Aplikasi ini mendukung sembilan bahasa India, yang menurut perusahaan membantu menjangkau pengguna di berbagai tingkat pendidikan dan pendapatan. Startup ini juga merancang aplikasinya untuk menawarkan pengalaman yang dipersonalisasi kepada pengguna, dengan gamifikasi dan dorongan untuk mendorong tabungan emas.
“Tim pertumbuhan secara konsisten membangun kohor berbeda untuk mengidentifikasi konsumen berdasarkan banyak atribut dan sinyal data, berdasarkan ponsel yang Anda gunakan, lokasi Anda mengoperasikan ponsel, bahasa apa, apa pola tabungan konsisten Anda, semua hal itu mereka pertimbangkan,” jelas Nishchay.

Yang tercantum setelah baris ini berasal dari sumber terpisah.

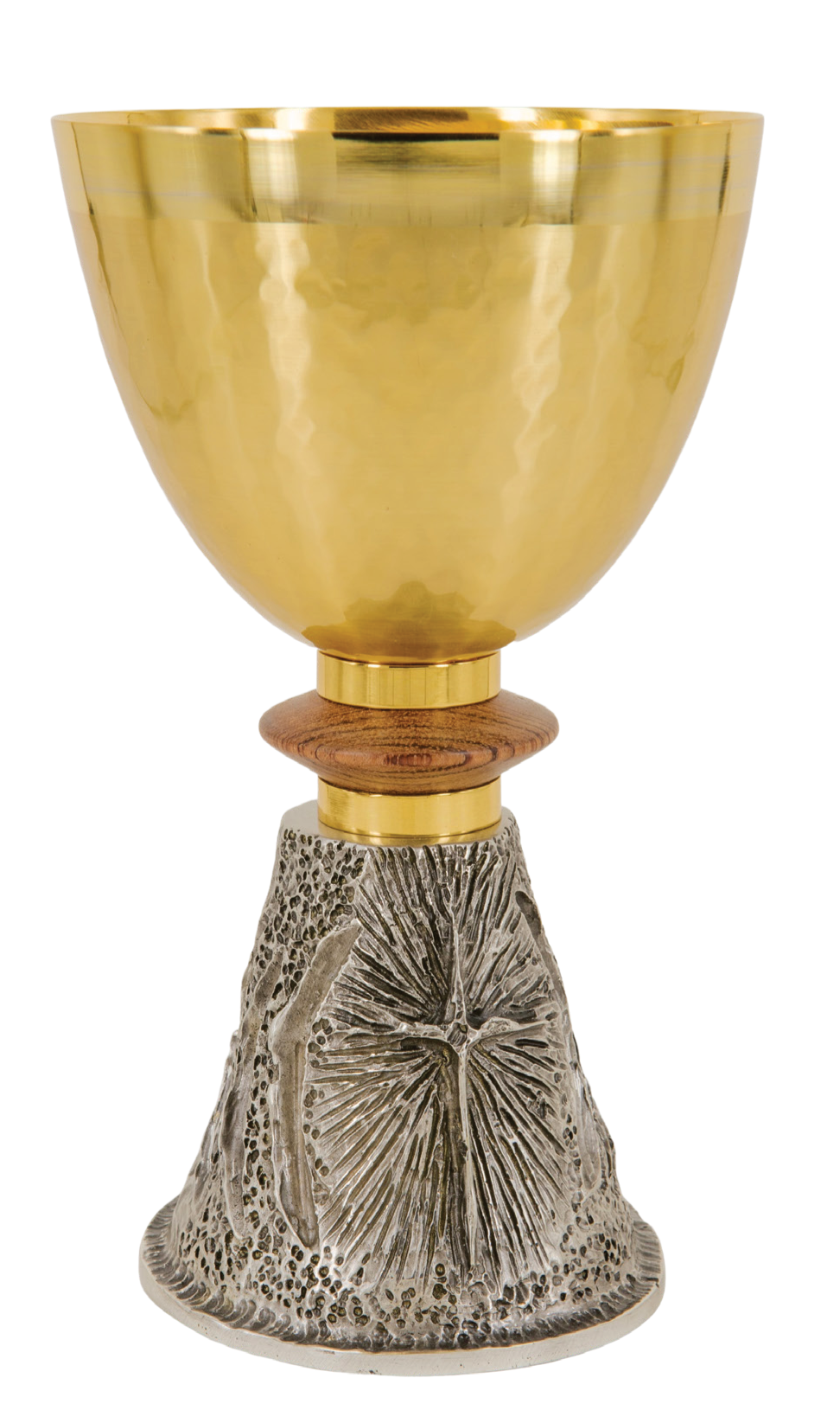 Kelk met op de voet 'omstraald kruis' in verloren was techniekCuppa in alpaca-metaalKnoop in houtH. 17 cmDiam. 10 cm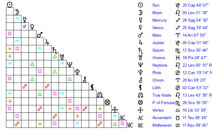 | Neptune | 21 Leo 59 | 27 Pisces 28 | 19 Leo 48 |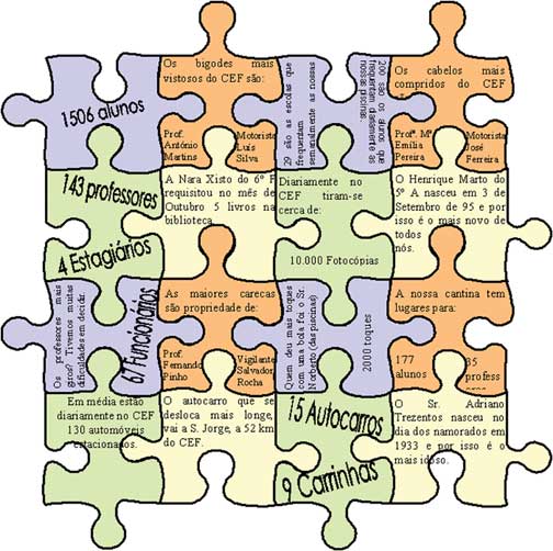 Os alunos da turma A do 7ºano elaboraram, no âmbito da disciplina de Projecto, uma lista com algumas curiosidades referentes à nossa escola. Estas são algumas "peças" do complexo puzzle de curiosidades, autênticos títulos de Guinness, que podes saber sobre a tua escola.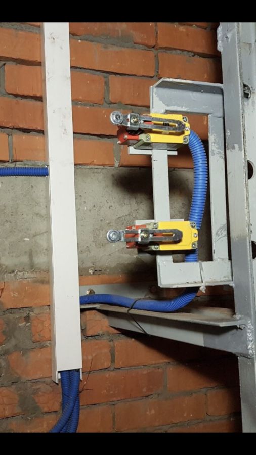- Два концевых выключателя. Они отключают электропитание двигателя, когда кабина опускается выше или ниже установленных границ на 200 мм.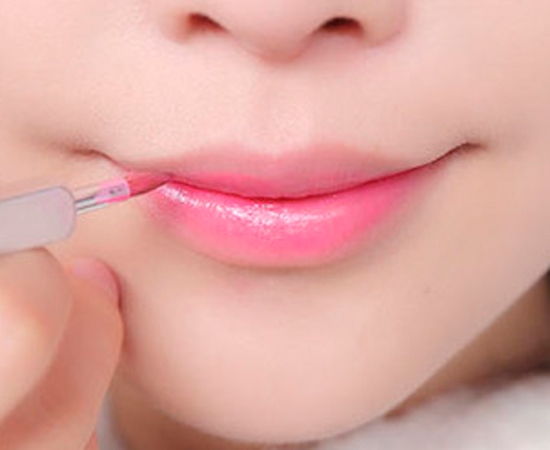 要打造温柔的渐变咬唇效果,所以不要涂满整个唇部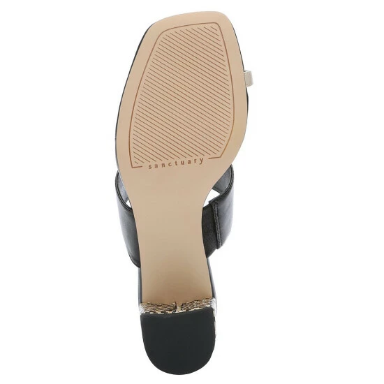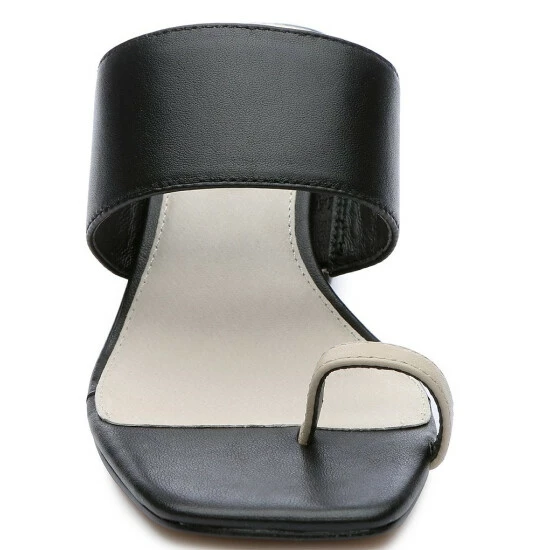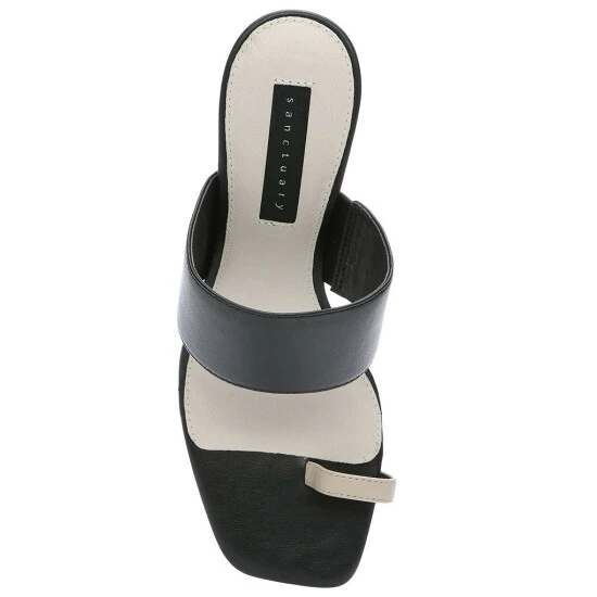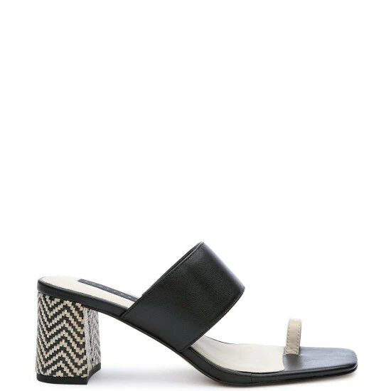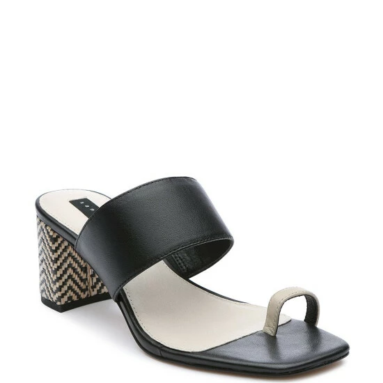 From Sanctuary, the Bold Leather Toe Loop Chevron Stripe Heel Sandals feature: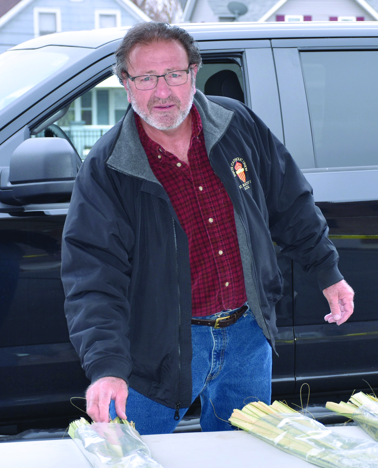 Palm Sunday, April 5, 2020; St. Rocco Church, 3205 Fulton Road: Matt Milia, a longtime St. Rocco parishioner, picks up some blessed palms.
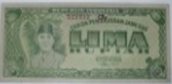 Uang Lima rupiah dengan warna dasar putih dan hijau, gambar Presiden RI -I (Soekarno) tahun 1947

Startup ini menghitung Tiger Global, Tribe Capital, Arkam Ventures, dan WEH Ventures di antara investornya. Perusahaan telah mengumpulkan pendanaan $63,3 juta hingga saat ini, menurut Tracxn, dan terakhir dinilai lebih dari $300 juta. Inovasi Jar dalam investasi emas digital menunjukkan bagaimana fintech dapat menjangkau segmen yang selama ini kurang tersentuh layanan keuangan formal.
Keberhasilan Jar juga sejalan dengan tren yang diamati di Indonesia, di mana layanan serupa seperti yang ditawarkan Gojek dengan investasi emas digital mulai Rp8.000 semakin populer. Bagi banyak orang, cara menabung emas batangan dan digital menjadi pilihan investasi yang lebih mudah diakses dibandingkan instrumen tradisional.
Dengan rencana IPO tahun depan, Jar tidak hanya membuktikan bahwa model bisnisnya viable, tetapi juga menunjukkan potensi besar pasar emas digital di negara berkembang. Pendekatan mereka yang berfokus pada inklusi keuangan melalui aset yang dipahami secara budaya mungkin akan menginspirasi lebih banyak inovasi di sektor fintech regional.